Ils ont donné le meilleur pour faire face et
stabiliser les crises mais, si les méthodes de planification comme la GOP[1]
puis la COPD[2]
demeurent remarquables dans la compréhension du spectre des menaces, le rythme
et l’exhaustivité de ces procédures ne permettent pas toujours d’obtenir un
résultat sur un adversaire qui impose son « tempo »

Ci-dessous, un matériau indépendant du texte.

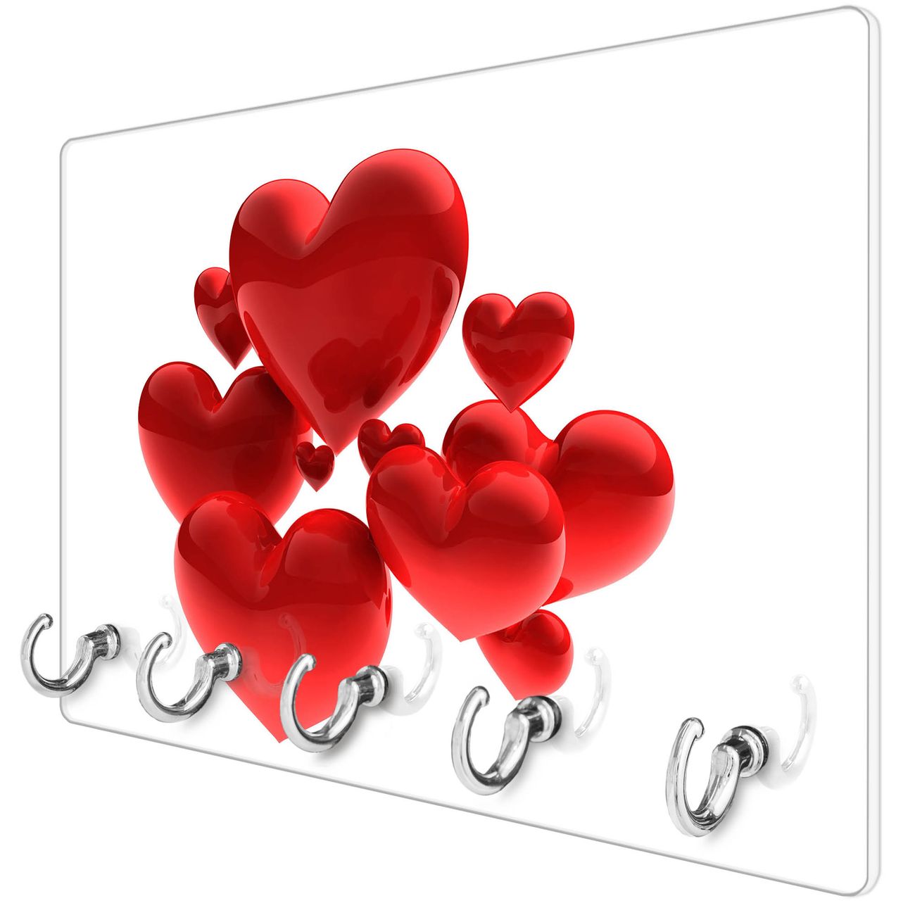 Glas Schlüsselbrett mit 5 Haken Fliegende Herzen
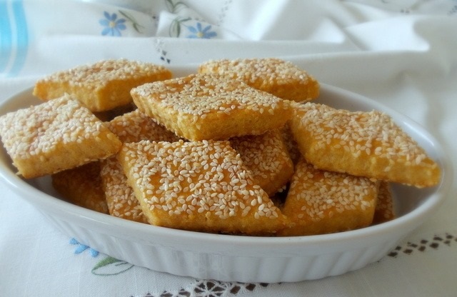 Nakon što ste premazali prvu stranu, prevrnite tijesto i ponovite postupak s premazivanjem i posipanjem susama. Tijesto potom isjecite na trakice željene širine, a zatim ih možete isjeći i u kockice ili rombove, zavisno od vaših preferencija.
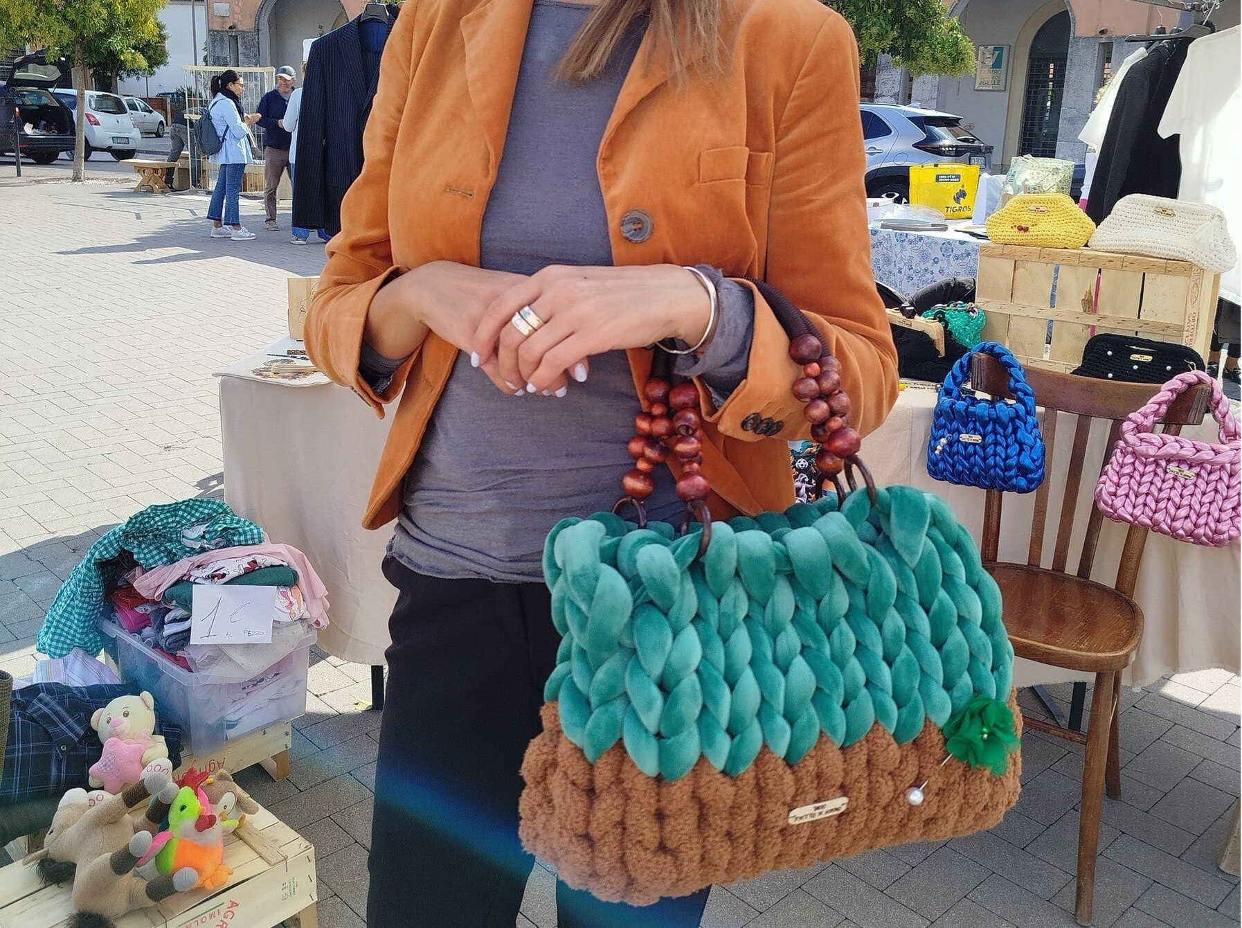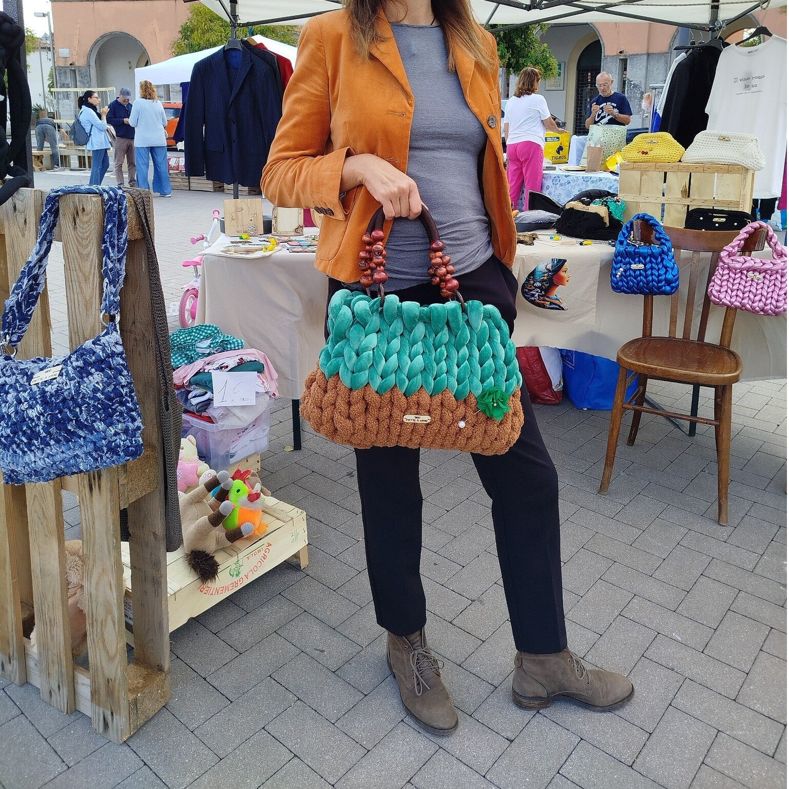 borsa artigianale creata a mano con filato gigante. Pezzo unico. Dotato di fodera/sacca, estraibile e richiudibile che potete usare per riporla quando non la utilizzate.
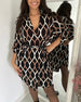 Lockeres kleid mit V-ausschnitt und leopardenmuster
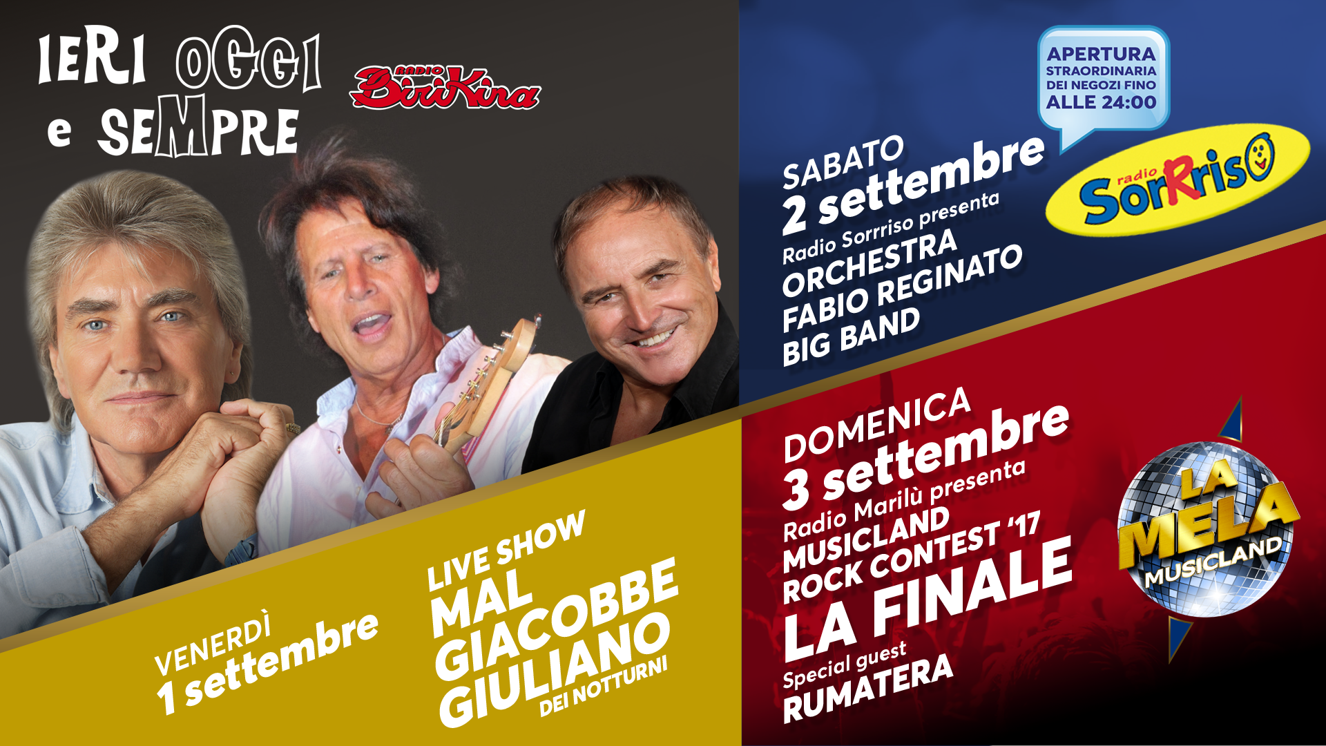 Cominciamo con Mal, Sandro Giacobbe e Giuliano dei Notturni, che saranno nostri ospiti questo venerdì, durante la serata con Radio Birikina. Assieme a loro, anche i Defenders e i Giovani di Festival show saliranno sul palco per intrattenerci con la loro musica! Sabato in Orchestra con Fabio Reginato Big Band, e negozi aperti fino alle 24, per concludere in bellezza con la finale del Rock Contest 2017: special guest i Rumatera!
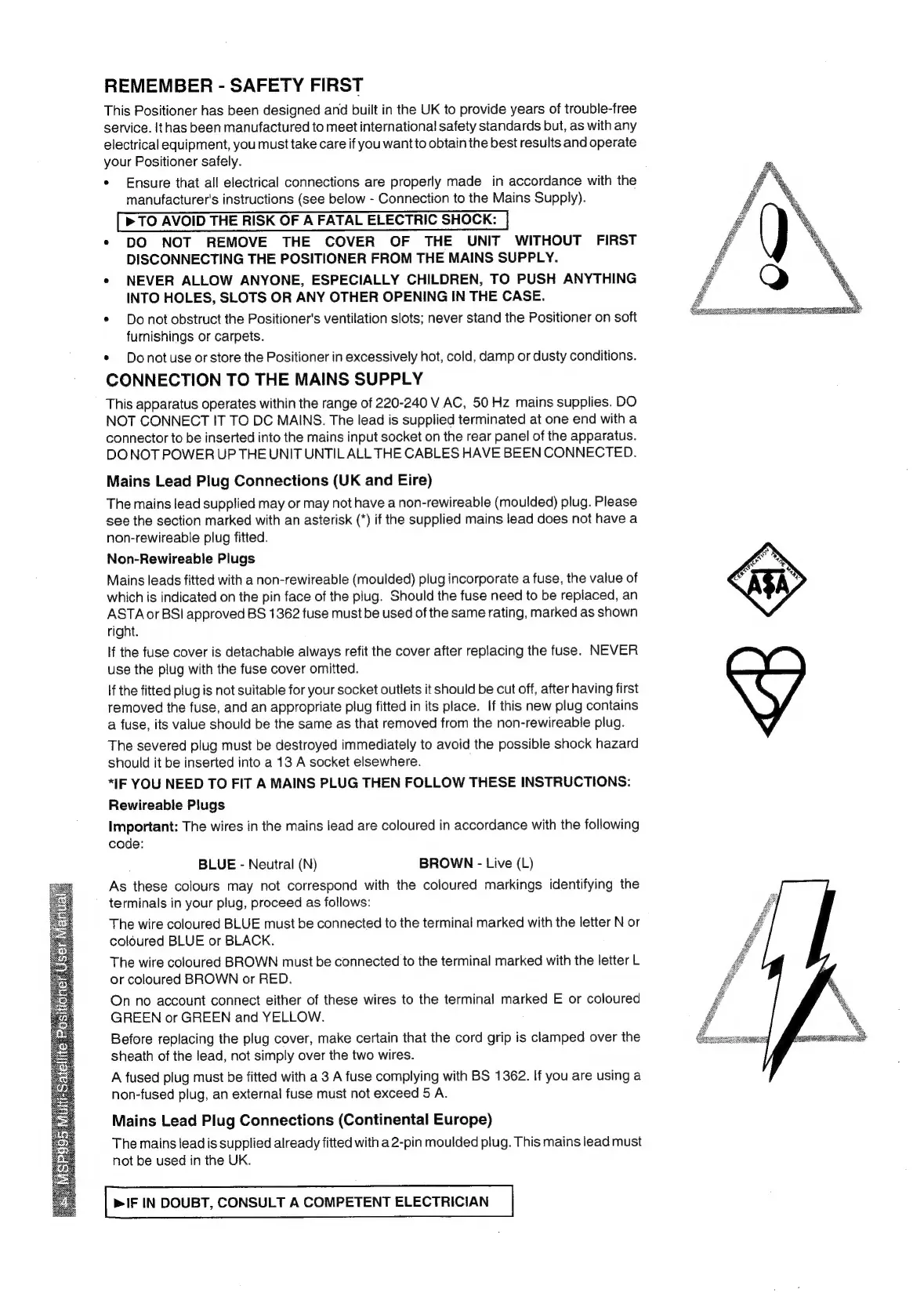 Pace MSP 995 - SAFETY AND POWER CONNECTION; Safety First Precautions; Mains Supply Connection; Mains Lead Plug Fitting
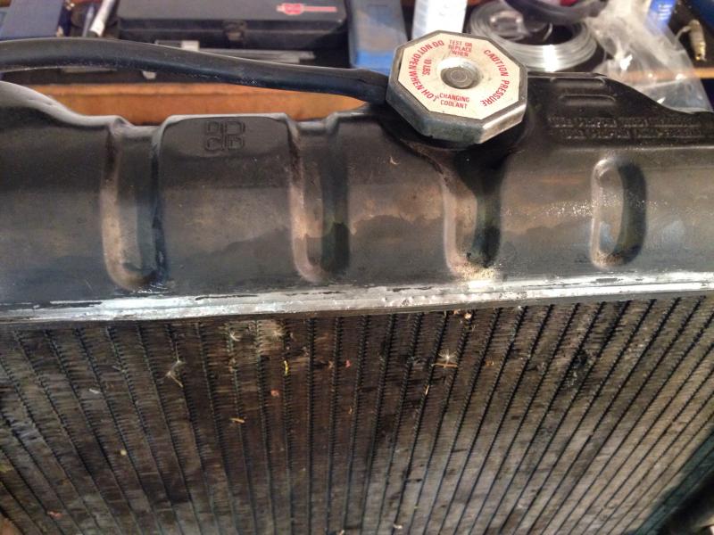 Discovered a 4 inch crack in the top tank of the radiator, took 3 hours to get the radiator out of the car, solder and install it in the car.
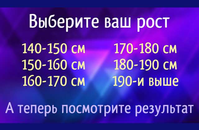 5. 170-180 սմ։ Անկախ եք, ինքնավստահ, սիրում եք գերակայել։ Ապրում եք «ավելի լավ է՝ ինքս անեմ» կարգախոսով։ Սովոր եք հույս դնել միայն ինքներդ ձեզ վրա։ Գիտեք, թե ինչ եք ուզում կյանքից, և ամբողջ ուժով շարժվում եք այդ ուղղությամբ։ Չեք վախենում դժվարություններից։ Մոտ մարդկանցից անկեղծություն եք սպասում։ Չեք վախենում լսել ճշմարտությունը և կարծում եք, որ դառը ճշմարտությունը գերադասելի է քաղցր ստից։
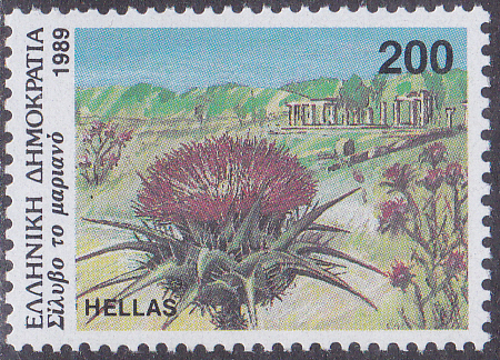 Auf einer Marke aus Griechenland (MiNr 1737) sehen wir eine Mariendistel (Silybum marianum).
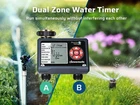 DEWENWILS Sprinkler Timer 2 Zone, Water Timer for Garden Hose, Programmable Hose Timer Faucet Watering with Automatic/Rain Delay/Manual Mode, Outdoor Irrigation Controller for Lawn, Yard Product description Mesh filter Added metal filter that can eliminate 99% of water impurities and prevent them from entering the interior to create blockages Upgraded Leakproof Design Pure zinc integrated tap connector is durable and can prevent water leakage during use Waterproof Battery Compartment The internal rubber ring around the battery tray protects the battery from moisture Big LCD Screen With 3.4" large easy to read LCD screen, details of all functions and working statuses are displayed intuitively About this item [Easy to Program & Setup] With 3.4" large easy to read LCD screen, details of all functions and working statuses are displayed intuitively, 5 program buttons make your settings easy as adjusting a digital watch, easy to select the days, start time, duration and frequency of your watering schedule, this watering timer can work throughout the summer once set up and programmed [Upgraded Leakproof Design] Pure zinc integrated tap connector is durable and can prevent water leakage during use, it supports standard 3/4 outdoor water faucet; ABS plastic shell is sunscreen and waterproof for outdoor use; the water timer for garden hose won't reduce your water pressure and can withstand water pressure of up to 120 psi [8 Programs for 2 Independent Zones] 2 zones( A and B) can be controlled independently on the same day, each zone has up to 4 watering cycles per day, this water-efficient sprinkler timer can meet your watering needs with different hoses throughout the day, ideal for sprinkler, watering or drip irrigation systems for lawn, garden, yard, potted plants, vegetable, etc. [Multiple Functions] ECO Mode allows connected devices to be on/off for a specific duration and repeat intermittently in your scheduled period, achieving deep plant watering with less consumption; Rain Delay Mode to avoid over-watering plants/flowers during rain and save water; Manual Mode is designed for temporary urgent needs without interrupting the preset auto programs [Hassle free on Vacation] Powered by 2 1.5V AA batteries (not included), the low battery indicator warning helps to replace battery in time, once forget to replace it when you are away on holiday, the hose timer for watering will keep OFF to avoid overwatering to save your garden and conserve water; when power is back on, just reset the current time, the previous watering schedules are still kept
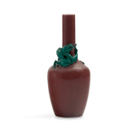Porcellana con invetriatura rossa, tra spalla e collo drago a rilievo in verde, marchio apocrifo di Kangxi al centro della base.
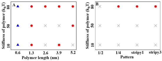 Phase diagrams summarizing the effect of polymer stiffness, polymer length, and polymer pattern on the internalization of hydrophilic cargo: (A) the effect of polymer stiffness and polymer length; (B) the effect of polymer stiffness and polymer pattern; ▲ represents the adhesion; ● represents the penetration; × represents the suspension.

et s’adapte sans cesse aux coups qu’on lui porte. De la même façon, la pression
des opinions publiques, le poids médiatique ou les perceptions des populations
au contact de la force sont bien souvent plus dévastatrices que les efforts de
communication opérationnelle ou les opérations dites d’influence entreprises
par les soldats des coalitions.
Aussi, alors que la France a démontré, depuis
plusieurs années, sa capacité à agir de manière autonome pour contrer des
foyers de crise émergents, comme au Sahel face aux groupes armés terroristes,
il s’agit donc de fonder, sans renier l’apport de nos alliés et de notre
doctrine, une « vision nationale » de l’art
opératif. Celle-ci pourrait être héritée, en particulier, de l’esprit insufflé
par le maréchal Leclerc alors que l’armée française cherchait à se rebâtir
après la défaite de 1940.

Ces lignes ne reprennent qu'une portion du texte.